Exception in thread "main" java.io.IOException: 
Server returned HTTP response code: 503 for URL: http://www.w3.org/TR/xhtml1/DTD/xhtml1-transitional.dtd

Whaoo, my first guess was that the URL was wrong, but it turned out to be okay. After a quick search I found the reason to be a deliberate move as can be read on W3C Systems Team Blog post "W3C's Excessive DTD Traffic". The essence of the problem is:

..In particular, software does not usually need to fetch these resources, and certainly does not need to fetch the same one over and over! Yet we receive a surprisingly large number of requests for such resources: up to 130 million requests per day, with periods of sustained bandwidth usage of 350Mbps, for resources that haven't changed in years.

Oouch, that's a lot of bandwidth.
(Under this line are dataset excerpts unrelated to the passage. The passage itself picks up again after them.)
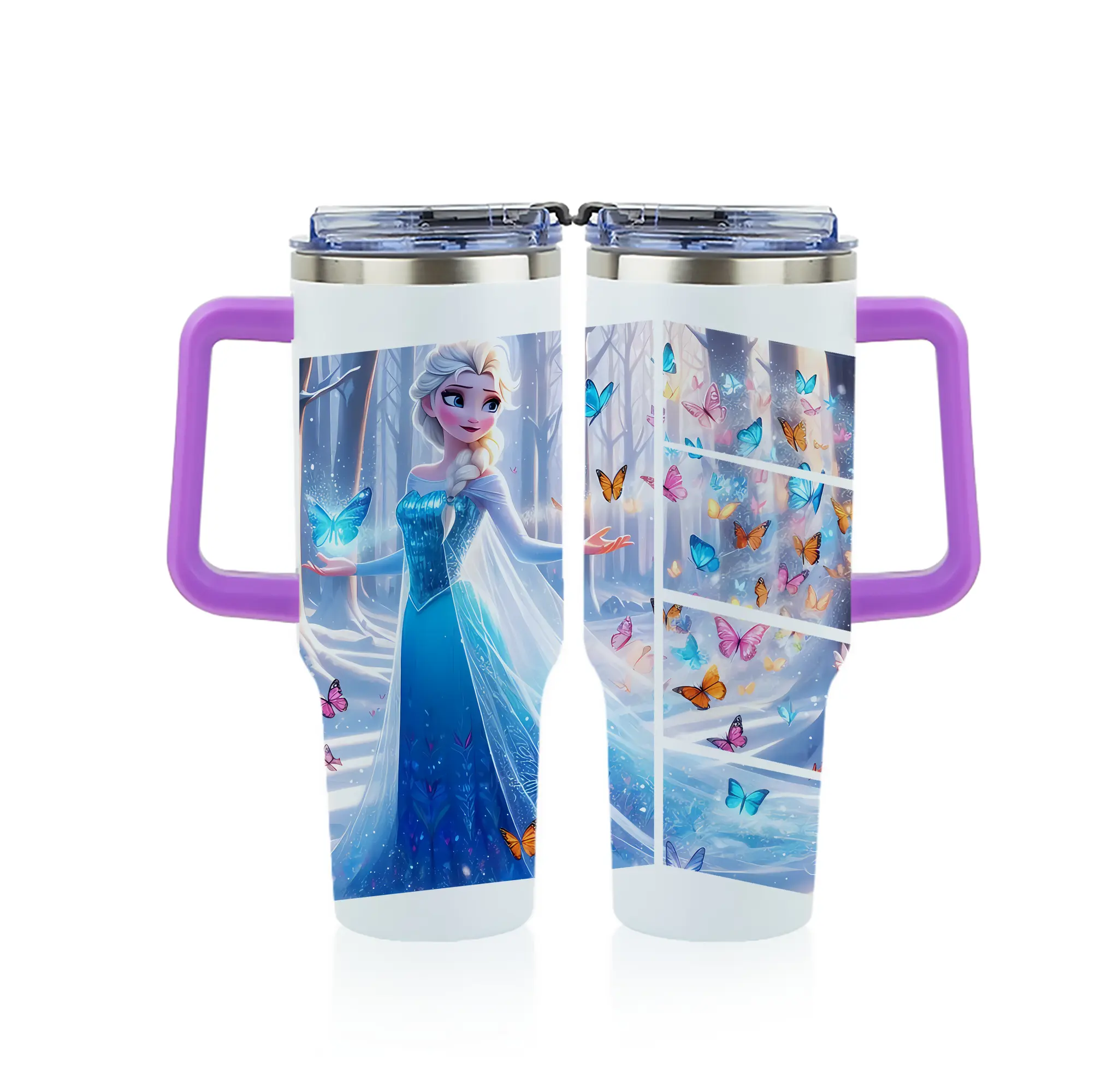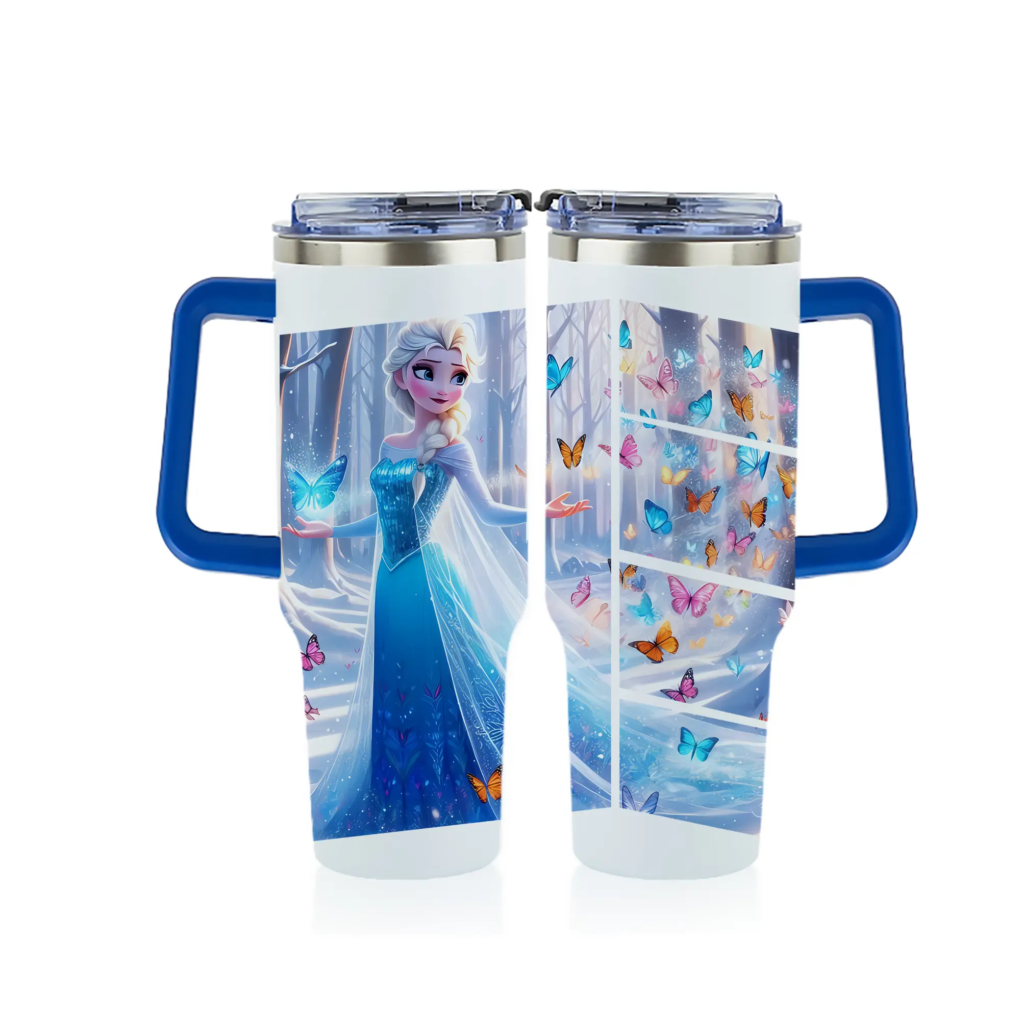 アナと雪の女王(Frozen) グッズ エルサ(Elsa) - 1200mL フルプリント車用タンブラー ・ 304ステンレス 内側 ・ 201ステンレス 外側 ・ 保温 保冷 ・ 通勤 ドライブ アウトドア用
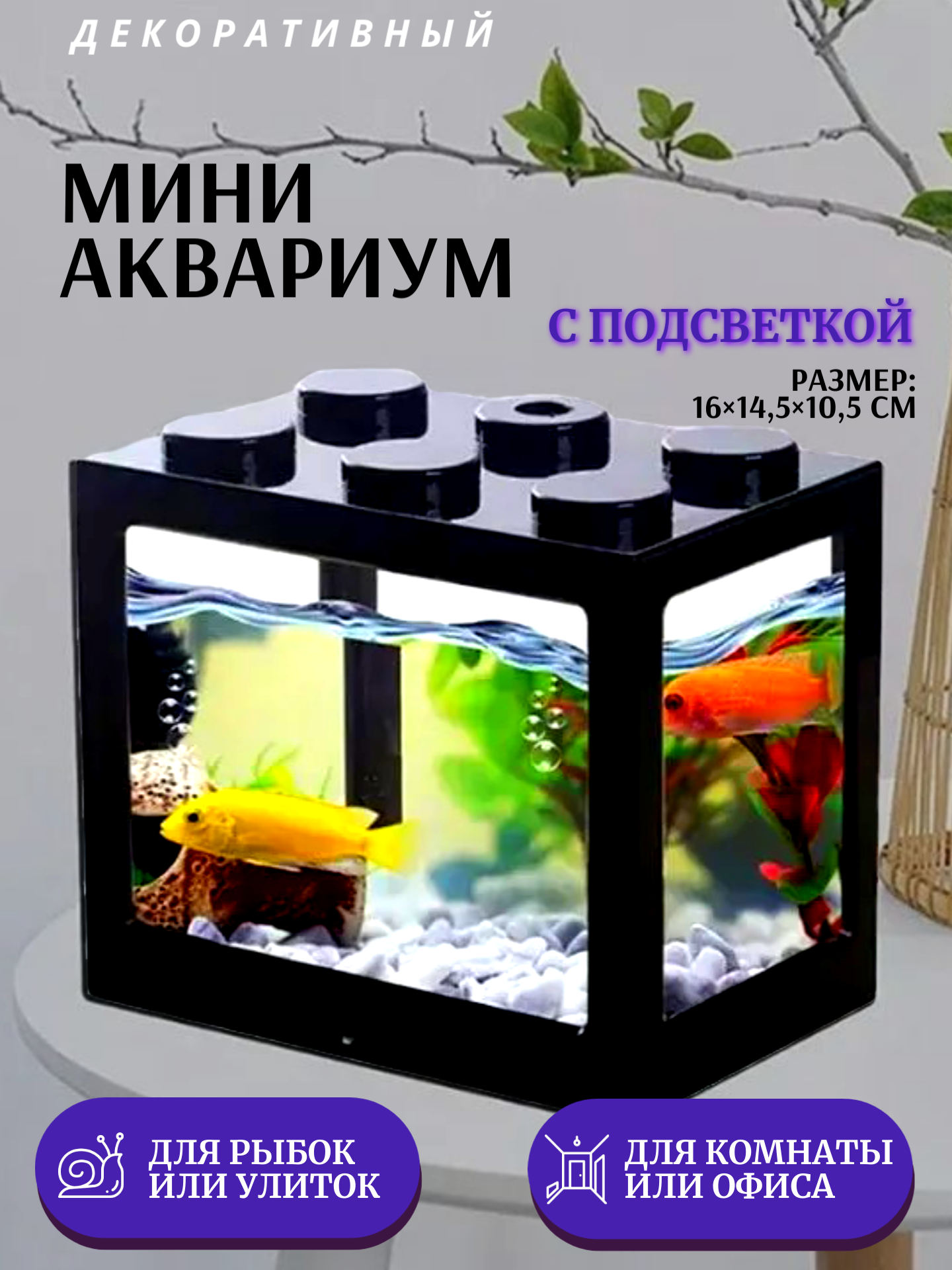 СохранитьДекоративный мини аквариум с подсветкой, 16x14.5 см черный / Акриловый аквариум интересное:
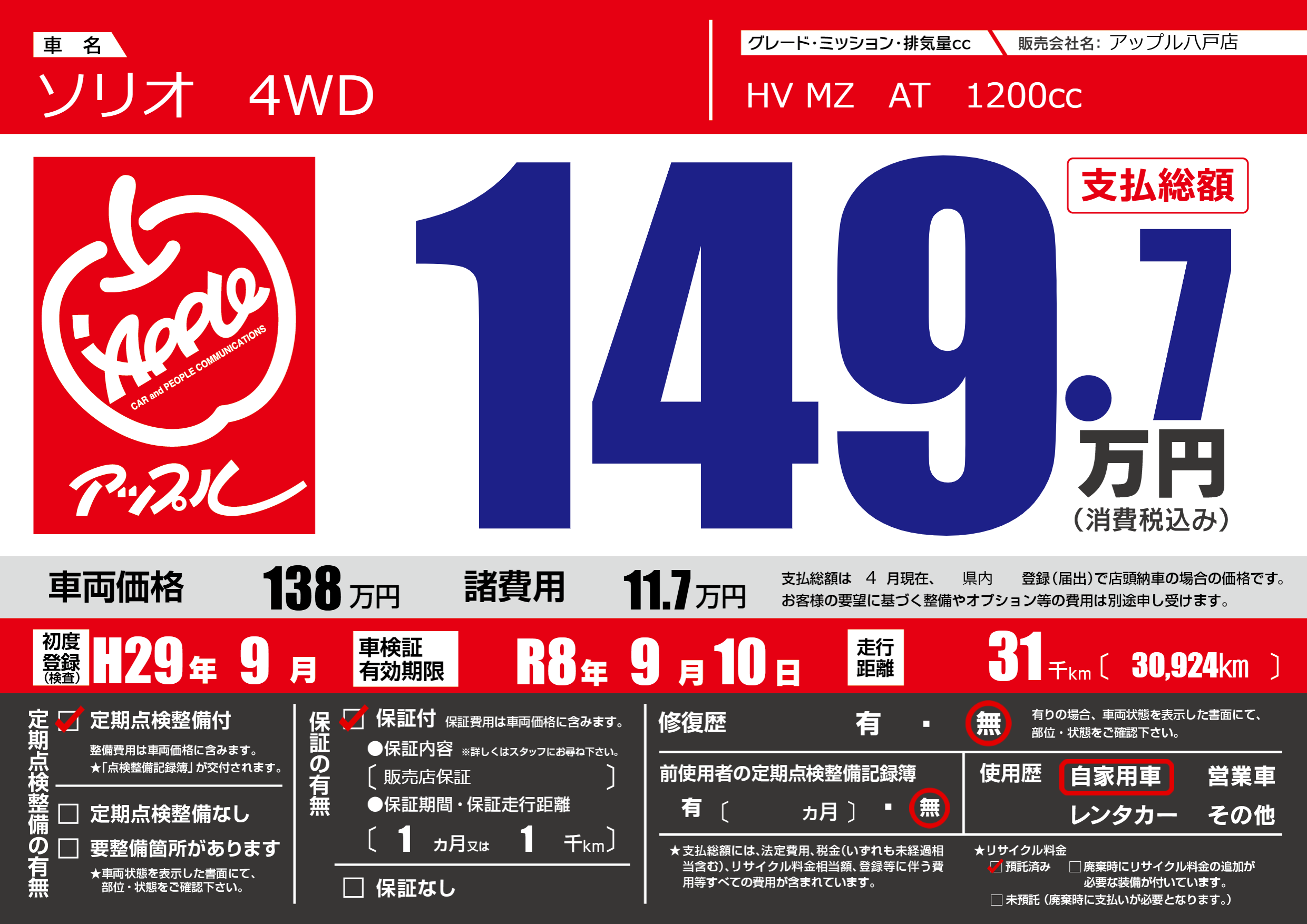 | 車検制限 | R8年 9月 10日 | ||
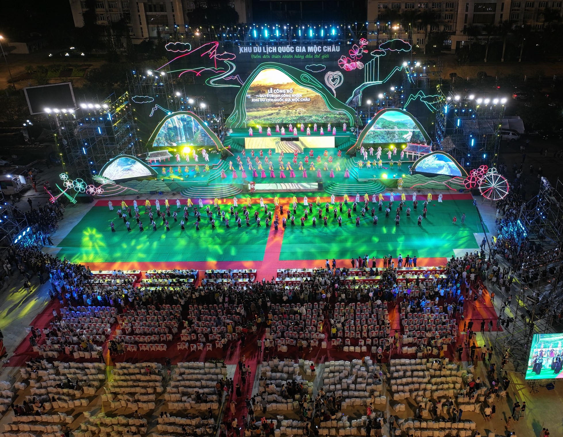(PLVN) - Tối 18/5, tại Quảng trường 8/5, Trung tâm hành chính huyện Mộc Châu, tỉnh Sơn La đã diễn ra Lễ công bố quyết định công nhận Khu du lịch quốc gia Mộc Châu.

I've heard of a simliar problem, though of much smaller scale, with Schemas for OIOUBL Invoice version 0.7 from the former ISBs (Info Structure Base) repository.


Lucklily it is quite easy to do right yourself with XML Catalogs, pulling from a local repository. cbowditchs guide "Resolving DTD system URI with XMLCatalogResolver" helped me a lot and I didn't have any problems with it like he had. First you'll need to fetch the DTD and it's depencies:

create a catalog file:

    1 <?xml version="1.0"?>
    2 <catalog xmlns="urn:oasis:names:tc:entity:xmlns:xml:catalog">
    3   <public publicId="-//W3C//DTD XHTML 1.0 Transitional//EN"
    4           uri="xhtml1-transitional.dtd"/>
    5 </catalog>

and adding it's use to the code like:

XMLCatalogResolver resolver = new XMLCatalogResolver();
resolver.setCatalogList(new String[] {"etc/dtd/xhtml1-catalog.xml"});

DOMParser parser = new DOMParser();
parser.setProperty("http://apache.org/xml/properties/internal/entity-resolver", resolver);


flakstad said...

Thank you very much for posting this article. A great tip that aids both me and others who are getting 503s, as well as the W3C. Although I'm not quite sure where you placed your local DTD and the catalog file, I'm sure I'll figure it out. Thanks.


Sweetxml said...

Hi flakstad
Thank you for your comment. I expect have figured it out easily, but just to anyone who wonders.
The catalog file was just placed relative to my build, and the DTD along with the entity files where placed in the same folder. You can place them anywhere you like as long as you correct the references.

Best regards

Henry said...

This is a great article and it helped resolve the issue.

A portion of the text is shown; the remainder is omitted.